Gastos hipoteca

Hipoteca BDE en España: qué es, cómo se calcula y qué debes saber

agosto 20, 2026 EspanaLegal 9 min read
Hipoteca BDE en España: qué es, cómo se calcula y qué debes saber

Qué es una hipoteca y para qué sirve en España

La hipoteca es el préstamo con el que en España puedes financiar la compra o la rehabilitación de una vivienda, y sirve para repartir un desembolso grande en muchos años. Antes de firmarla conviene comparar ofertas de varios bancos y medir bien la capacidad de pago a largo plazo, porque una cuota cómoda hoy puede dejar de serlo si suben gastos, baja el sueldo o cambia el tipo de interés.

Qué encaja con tu bolsillo

En una hipoteca no manda solo el precio de la casa de Madrid, Sevilla o Valencia. También pesan el plazo, el sistema de amortización, la estabilidad de tus ingresos y el margen que te queda cada mes después de suministros, comunidad, seguros y ahorros.

El Banco de España insiste en esa comparación previa porque el préstamo hipotecario te permite disponer de una cantidad importante de dinero, pero te ata durante muchos años. Por eso, la pregunta útil no es solo “¿me la conceden?”, sino “¿puedo sostenerla sin ir ahogado durante 20 o 30 años?”. En la práctica, una hipoteca bien elegida es la que deja respirar tu presupuesto incluso cuando la economía aprieta.

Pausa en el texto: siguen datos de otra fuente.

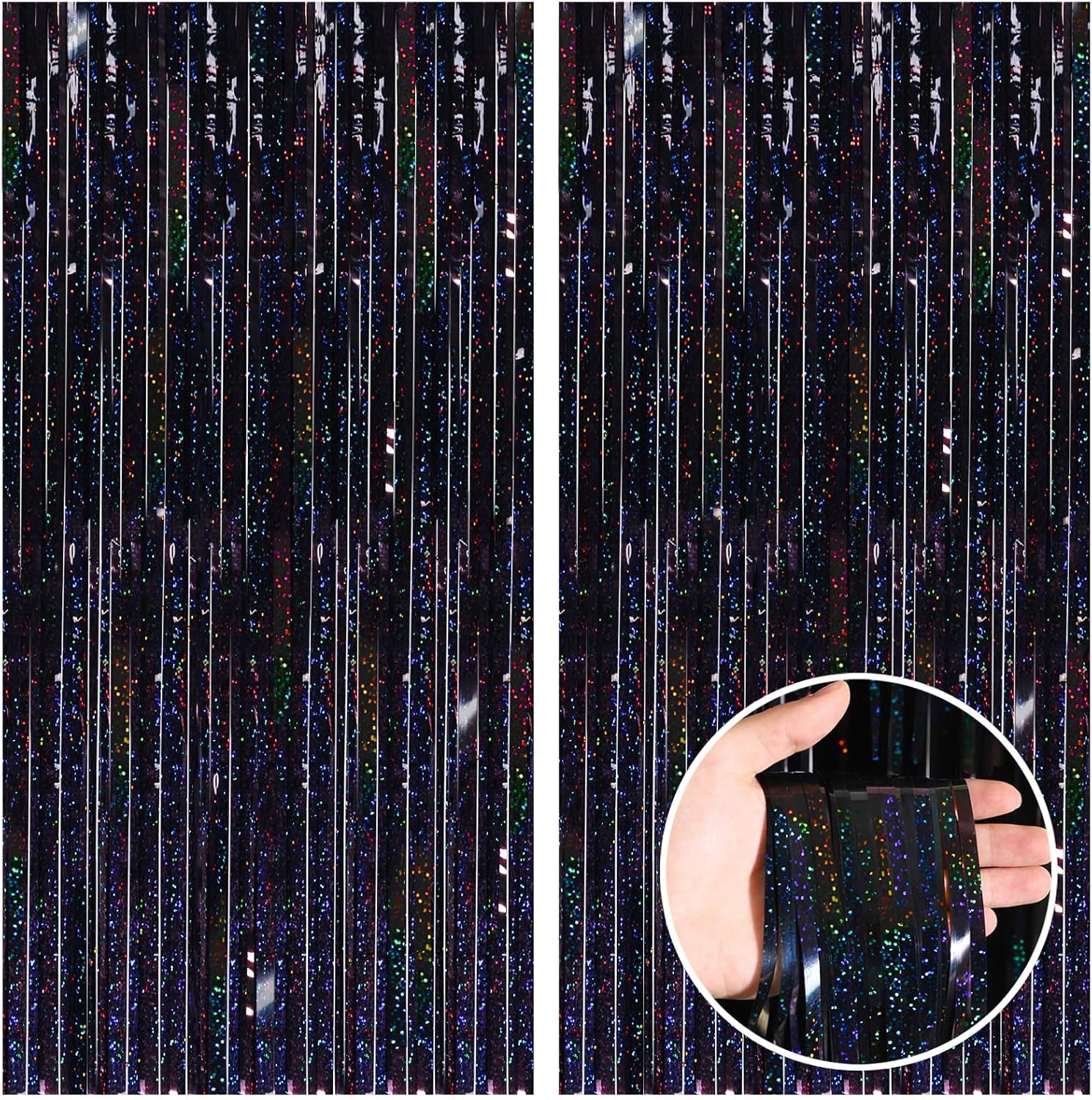 CANREVEL 2 Pack 3.3x8.2 Feet Laser Black Foil Fringe Backdrop Curtains, Tinsel Streamers Birthday Party Decorations, Fringe Backdrop for Graduation, Halloween, Happy New Year, Disco Party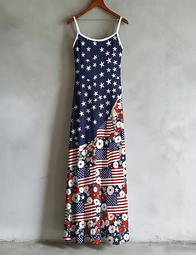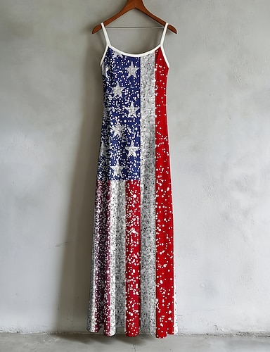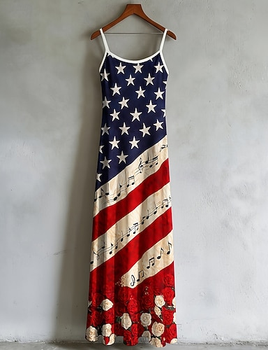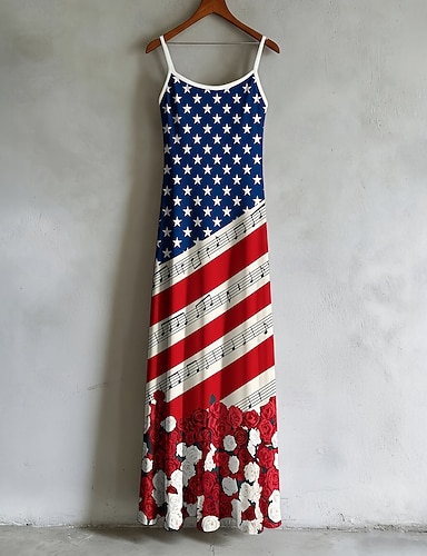 Journée de l'Indépendance Femmes Robe maxi Robe Décontractée Robe Imprimée Classique Moderne Quotidien Extérieur Vacances Coupe régulière Étoiles et rayures manche longue Col en V Bleu Rouge Vert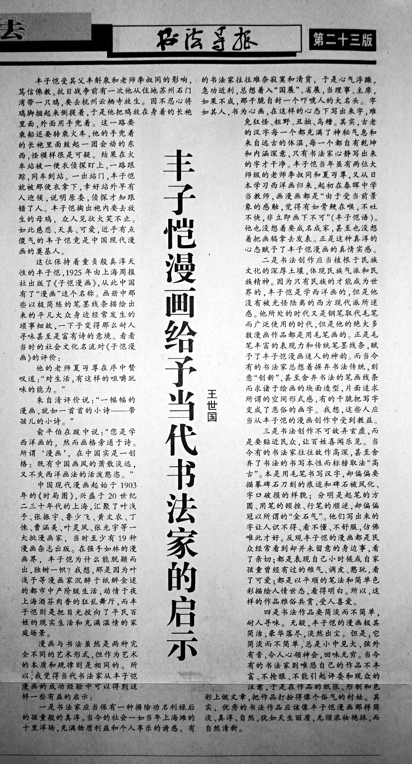 漫画与书法虽然是两种完全不同的艺术形式,但作为艺术的本质和规律则是相同的。所以,我觉得当代书法家从丰子恺漫画的成功经验中可以得到这样一些有益的启示: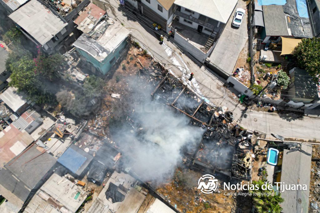 Un incendio consumió por completo una casa en obra negra ubicada sobre las calles Piedra y Coral de la colonia los Álamos, provocando la movilización de elementos del cuerpo de Bomberos de Tijuana.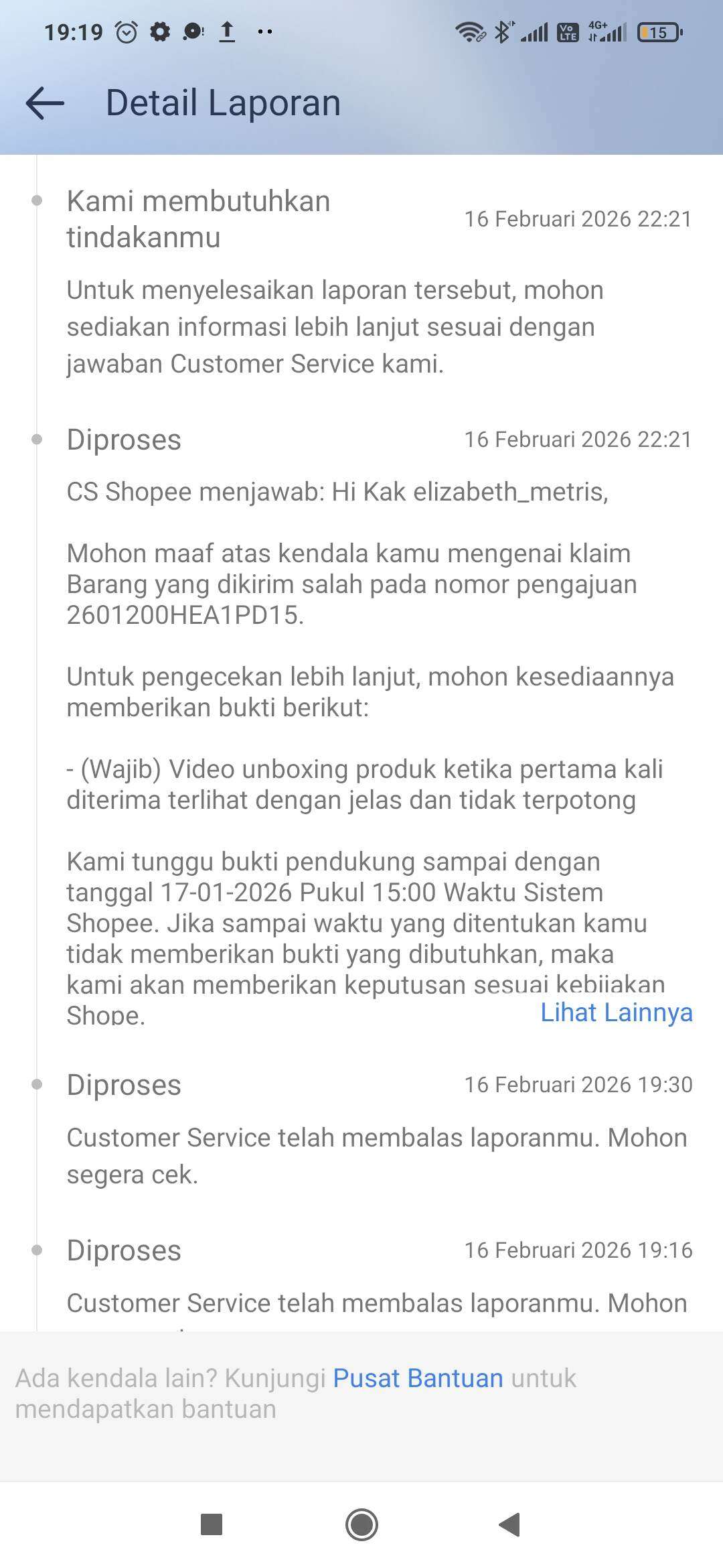 Setelah proses panjang dan beberapa kali saya tanyakan ke admin Shopee bagaimana progres banding dan klaim saya, pada tanggal 16 Februari 2026 pukul 22.21 admin Shopee mengirimkan permintaan video unboxing produk pengembalian pertama kali diterima.

La cuota tiene que encajar en tu vida real, no solo en la simulación optimista del día de la firma.

Cómo funciona el simulador de hipoteca del Banco de España

Paso a paso en la herramienta

  1. Entra en el simulador de préstamo hipotecario o personal del Banco de España y elige el tipo de préstamo que quieres probar.
  2. Introduce el importe que vas a pedir, el plazo de devolución y el tipo de interés. El simulador trabaja con cuotas mensuales y con un tipo constante para darte una referencia clara.
  3. Haz varias pruebas con los mismos datos cambiando solo una variable: por ejemplo, 20, 25 y 30 años; o 2 %, 3 % y 4 % de interés. Así ves qué pesa más en la cuota.
  4. Revisa la gráfica. Sirve para comparar las distintas opciones de forma visual y detectar rápido si una cuota te deja poco margen de maniobra.
  5. Si vas con el móvil, la herramienta también está disponible como aplicación, así que puedes retocar números sin estar delante del ordenador.

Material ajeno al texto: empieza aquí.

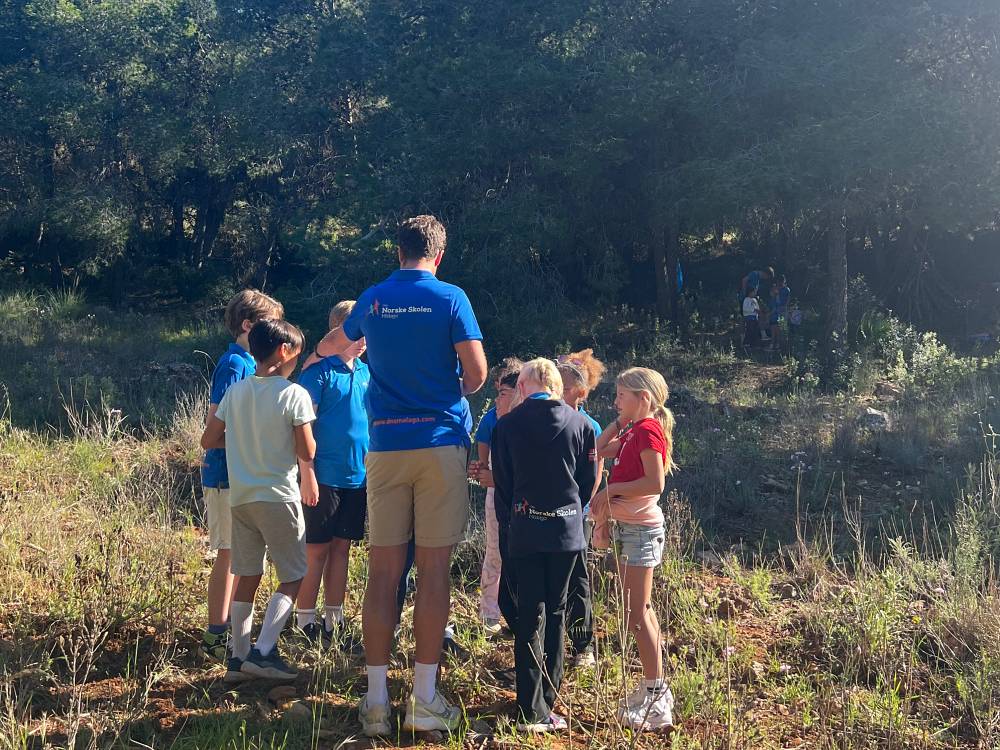 Kontaktlærer i 4. trinn, Petter Kristiansen forteller. -Vi gikk i omtrent en time fra skolen, på vei, grusvei, trange stier og noen små kneiker. Det var noen fall på veien, men alle reiste seg opp og holdt motet oppe både på veien ut og tilbake igjen. Det var mye fin lek der vi slo leir. Mange bygde hytter, noen lekte rundt omkring, og det ble en runde med “Stratego”.

El resultado es orientativo: no incluye la negociación real con tu banco ni todos los costes asociados a una hipoteca, pero sí te pone delante una cifra útil para descartar ofertas imposibles desde el principio.

Ejemplo práctico con una hipoteca de 150.000 €

Si Ana, que vive en Sevilla, pide 150.000 € a 25 años con un interés del 3 %, la cuota sale en torno a 712 € al mes. Si mantiene el mismo tipo pero acorta el plazo a 20 años, la cuota sube hasta unos 831 €; si lo alarga a 30 años, baja a unos 632 €.

La diferencia parece pequeña mes a mes, pero el coste total cambia mucho. En el escenario de 25 años al 3 %, Ana acabaría devolviendo aproximadamente 213.480 € en total, de los que unos 63.480 € serían intereses. Eso explica por qué un plazo más largo alivia la cuota, pero encarece la hipoteca completa.

Tipo fijo, variable, mixto, plazo y carencia: lo que de verdad cambia tu cuota

La cuota no se mueve solo por el importe prestado. También cambia por el tipo de interés, el plazo, la carencia y la forma en la que el banco revisa el préstamo. Para comparar de verdad, mira el coste total y no solo el número de la mensualidad. El Banco de España también ofrece simuladores para calcular la TAE de un préstamo hipotecario y poner en la misma foto intereses, comisiones y gastos.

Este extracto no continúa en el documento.